Qualquer um ficaria aturdido. Aquele era só mais um dia comum de trabalho. Levou as ovelhas para o pasto como o fez ao longo de quarenta anos. O som dos balidos, o vento do deserto, um uivo distante de um chacal. Todos os sons e cores lhe eram conhecidos naquele lugar perdido.
De repente, ali bem no sopé do monte, algo extraordinário. Um brilho incomum: fogo numa sarça. Ela é apenas um novelo de planta seca que reverdece só num curto período do ano em que algumas gotas caem. É o período em que chuvas nas montanhas fazem rios surgirem do dia para noite e que desaparecem tão repentinos quanto apareceram.

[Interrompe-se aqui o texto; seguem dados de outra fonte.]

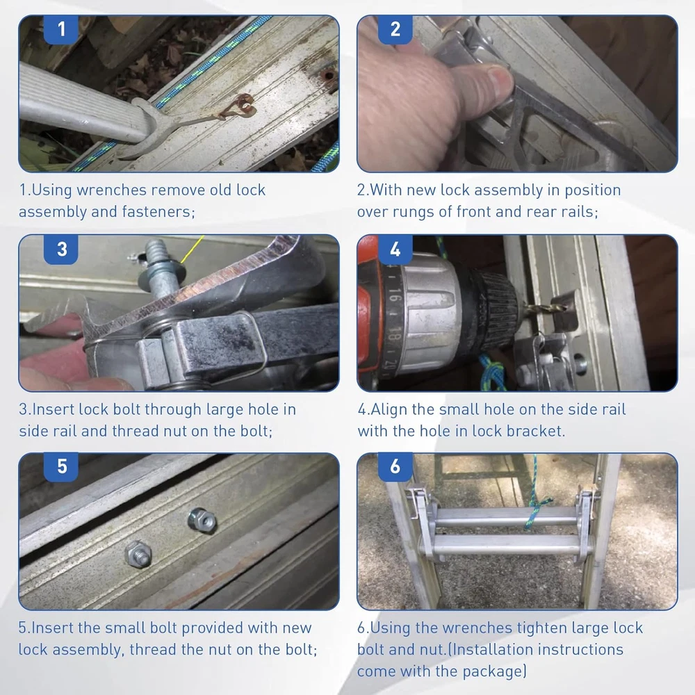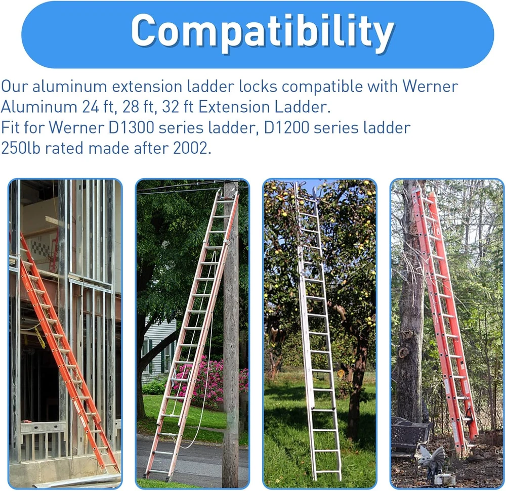 Store New Arrivals Add to Favorite View Feedback Contact 28-11 Rung Lock Kit for Werner Extension Ladder Locks, Compatible with Werner Description Manufacturer ChangTa Brand Name ChangTa Product Dimensions 1"W x 1"H Material Aluminum Material Type Aluminum Load Capacity 250 Pounds Maximum Height 0.65 Inches Item Weight 4.8 ounces Item Dimensions W x H 1"W x 1"H Additional Features Lightweight Special Feature Lightweight Brand ChangTa Size Werner 28-11 ๐๐ผ๐บ๐ฝ๐ฎ๐๐ถ๐ฏ๐ถ๐น๐ถ๐๐ : Our 28-11 ladder rung lock kit for werner aluminum extension ladders, compatible with Werner aluminum 24 ft, 28 ft, 32 ft extension ladder. And the extension ladder part also fit for Werner D1300 series ladder, D1200 series ladder, 250lb rated made after 2002. ๐ช๐ฎ๐ฟ๐บ ๐ง๐ถ๐ฝ๐ :The rung lock kit approximately 8" long. In order to use it properly, we recommend that you look at the product image (refer to Figure 3 for dimensions) carefully before purchasing to ensure that you are purchasing the correct part and that it fits your ladder model. [Our extension ladder accessories includes 2 ladder rung locks, 2 bolts, 4 nuts, 4 washers and 1 x Instructions. It provides great convenience for your extension ladder maintenance.] ๐๐ ๐๐ฒ๐ป๐๐ถ๐ผ๐ป ๐๐ฎ๐ฑ๐ฑ๐ฒ๐ฟ ๐ฅ๐๐ป๐ด ๐๐ผ๐ฐ๐ธ๐ : Our aluminum extension ladder locks are made of highly durable high-quality raw materials, which has been precision tested, sturdy, damage resistant and long use life, meets OEM standards. Even after collision and wear, it does not affect the use. ๐๐ฎ๐๐ ๐๐ผ ๐๐ป๐๐๐ฎ๐น๐น : You only need to remove and replace the old or damaged ladder rung locks, which can be completed in a few minutes, greatly improving the time efficiency, and enabling your extension ladder to quickly resume daily activities. During installation, it is recommended to wear gloves to protect your hands. ๐๐๐ ๐๐ถ๐๐ต ๐๐ผ๐ป๐ณ๐ถ๐ฑ๐ฒ๐ป๐ฐ๐ฒ : Your satisfaction is โGOODSKYO greatest motivation! If you have any questions about the extension ladder locks, you can send us an email at any time and we will provide you with a 100% satisfactory shopping experience. Product Description 28-11 Rung Lock Kit for Aluminum Extension Ladder Locks Compatible with Werner Aluminum Extension Ladders Fit for Werner Aluminum 24 ft, 28 ft, 32 ft Extension Ladder Rung Lock Kit Aluminum Extension Ladder Parts Our aluminum extension ladder locks compatible with Werner aluminum 24 ft, 28 ft, 32 ft Extension Ladder. The extension ladder part fit for Werner D1300 series ladder, D1200 series ladder, 250lb rated made after 2002. Easy Installation 1.Using wrenches remove old lock assembly and fasteners; 2.With new lock assembly in position over rungs of front and rear rails; 3.Insert lock bolt through large hole in side rail and thread nut on the bolt; 4.Align the small hole on the side rail with the hole in lock bracket. 5.Insert the small bolt provided with new lock assembly, thread the nut on the bolt; 6.Using the wrenches tighten large lock bolt and nut. Size The rung lock kit approximately 8" Long. (Please confirm the length of your ladder lock is 8" before purchasing.) Package Include 2รLock assemblies (1 right hand&1 left hand) + 2รSmall machine screw + 2รSmall lock nut + 2รLarge lock nut + 2รSmall screw gasket + 2รLarge screw gasket + 1รInstallation instructions Werner Replacement Parts Add to Cart Add to Cart Add to Cart Add to Cart Add to Cart Add to Cart Customer Reviews 4.4 out of 5 stars 116 4.3 out of 5 stars 30 4.3 out of 5 stars 18 4.8 out of 5 stars 147 4.4 out of 5 stars 116 4.7 out of 5 stars 32 Price $28.49 $ 28 . 49 $12.89 $ 12 . 89 $27.89 $ 27 . 89 $12.49 $ 12 . 49 $8.49 $ 8 . 49 $22.89 $ 22 . 89 Compatibility for Werner for Werner for Werner for Werner for Werner/Louisville/Keller for Werner Material Stainless Steel Stainless Steel Stainless Steel High-quality raw materials Aluminum & Fiberglass High-quality raw materials Size 8"W x 3"H 1.9"W x 2.7"H 0.39"W x 1.96"H 0.79"W x 0.79"H 1.6"W x 1.6"H 0.79"W x 0.79"H Includes 1 Pack Rung Lock Kit 31-12 Pulley kit 31-12 pulley kit and rope 1 Pack Extension Ladder Rope 2 set Flippers 2 Pack Extension Ladder Rope Feature Lightweight Lightweight Lightweight Foldable Lightweight Foldable Model Werner 28-11 Rung Lock Werner 31-12 Pulley kit Werner 31-12 pulley and rope Werner AC30-2 Ladder Rope Werner 29-1 Flipper Werner AC30-2 Ladder Rope ABOUT US We offer the best prices around on high quality products. Our E-store includes media such as books, movies, music and games while offering electronics, toys, sporting apparel, clothing, tools, general home, garden items and more. SHIPPING We are always working hard to ensure your package arrives as soon as possible. Please understand that some factors like weather, high postal traffic, and the performance of shipping companies are outside of our control. We offer free shipping to the lower 48 states and ship within 2 business days of payment, usually sooner. We do not accept P.O. Boxes. Please provide a physical address. RETURNS We offer a 30-Day Return Policy on items which you are not completely satisfied with. You have the option for a full-refund or an exchange of the item. No returns are available on items shipped outside of the USA. PAYMENT We accept PayPal. CONTACT US This page content is yet to come Please ad us to your favorite seller and visit again later Thank You CUSTOMER SATISFACTION We try our very best to make sure every customer is completely satisfied. If there's a problem, message us! We're happy to help.

Mas, passados alguns minutos, a sarça não se consome. Olha o extraordinário manifesto no ordinário e aparentemente sem vida! A sarça arde em meio a um fogo fátuo que não se extingue, nem ela, que em condições normais seria devorada em segundos em estalidos agudos produzidos pela chamas.
A experiência inaudita. Deus em pessoa se apresenta e comissiona aquele Zé Ninguém a ser um libertador. Sabe seu nome. Não é um deus qualquer, é alguém com referências: “Eu sou o Deus de teu pai, o Deus de Abraão, o Deus de Isaque e o Deus de Jacó.”
Um homem que pouco se acha reage da única maneira possível: medo, desculpas e perguntas, entre elas a mais difícil de todas. Quando me perguntarem o teu nome, além da apresentação que o senhor acabou de fazer, que direi ao povo? Para Moisés, Deus precisava de um nome. Mas Deus é o inominável. Um deus com um nome é um deus banal. Os deuses egípcios todos tinham um nome, uma aparência, criada por seus adoradores.
Um Deus sem nome pede um exercício de desprendimento, uma luta com o inefável, um encontro com a limitação gigantesca que a todos nós subjuga e apequena. Não há como domar um Deus sem nome. Impossível abarcar com a mente um Deus que tem consciência de si. Ele simplesmente nos escapa a imagem. Um Deus sem nome nos obriga a uma relação em bases em que Ele fala e define as condições. Cabe-nos tão somente a descoberta, ao ritmo da sua revelação, o que requer tempo, submissão, espera.
Moisés espera a resposta. Se vai representar Deus, precisa de uma credencial que legitime sua missão. Um nome serviria para diferençar naquele mercado religioso inflacionado de deuses para tudo quanto era utilidade, metamorfizados em bichos que lhes emprestavam forma e caráter. Mas este Deus é estranho. Ele busca, procura e se oferta. Bem verdade que, segundo ele mesmo, seu movimento é em resposta aos clamores e sofrimento do povo. Outro estranhamento: ele ouve, se indigna com a injustiça.
“Não te chegues para cá; tira a sandália de teus pés, porque o lugar em que estás é terra santa.” Deus estabelece uma fronteira. Nesta jornada que ambos terão, há um espaço que cada um deve ocupar. Mas, pensa Deus, ao longo do tempo, na experiência coletiva e ainda mais individual, a fronteira deverá ser borrada.
O espaço santo e o espaço do restante da terra, da iniciativa humana, do realizar não somente a vontade divina soberana, mas acima de tudo de um constituir-se pessoa e povo é só o caminho inicial. É nesta contraluz, nesta dança de opostos, que não exclui, que Ele diz quem é e, em oposição, um começa a desconfiar quem é também. Moisés se torna quem deve ser no encontro, no deixar-se achar, mesmo em dilemas terríveis. Deus se revela e revela Moisés a ele mesmo.